Stored entries:
★ ★ ★ ★ ★ ★ ★
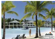
プランテーションベイ
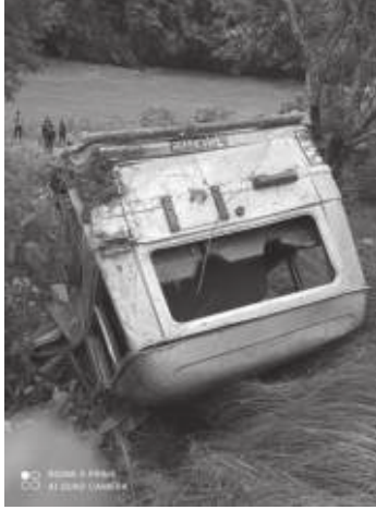
सागर भण्डारी/मध्याह्न गुल्मी, १३ साउन

गुल्मीमा जीप दुर्घटना हुँदा ३ जनाको मृत्यु भएको छ भने ७ जना घाइते भएका छन्। जिल्लाको चन्द्रकोट गाउँपालिका ४ शान्तिपुरबाट सदरमुकाम तम्घास आउँदै गरेको लु १ ज ४५५९ नम्बरको जिप मुसिकोट नगरपालिका ४ भड्याङमा दुर्घटना हुँदा ३ जनाको घटनास्थलमै ज्यान गएको हो।
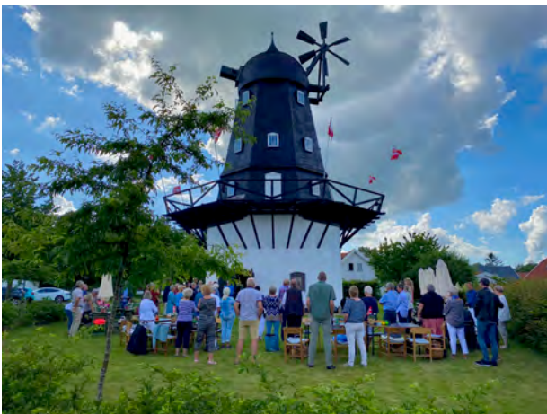
Møllemedlemmer samlet til Jubilæumsfest 22. juni 2020
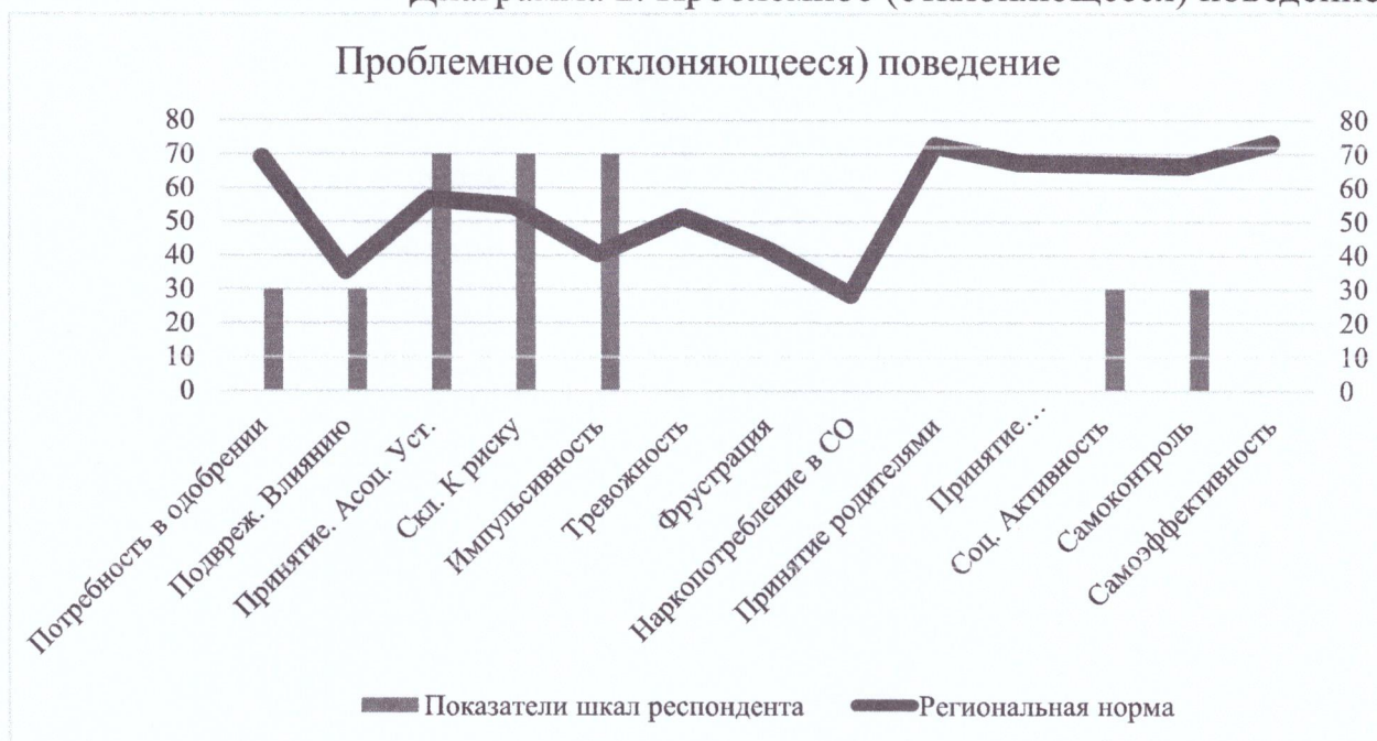
Диаграмма 2. Проблемное (отклоняющееся) поведение.

Если при этом значения шкал (или одной из них) «Социальная активность», «Самоконтроль поведения» и «Потребность в одобрении» ниже региональных норм, то вероятность проявления отклоняющегося поведения будет увеличиваться 1 .
★ ★ ★ ★ ★ ★ ★
• TASK BRIEF
Each line from the one with "Диаграмма 2. Проблемное" through the end of the entries above is to be returned word for word. Nothing else belongs in the answer.

• WRITTEN RESPONSE
Диаграмма 2. Проблемное (отклоняющееся) поведение.

Если при этом значения шкал (или одной из них) «Социальная активность», «Самоконтроль поведения» и «Потребность в одобрении» ниже региональных норм, то вероятность проявления отклоняющегося поведения будет увеличиваться 1 .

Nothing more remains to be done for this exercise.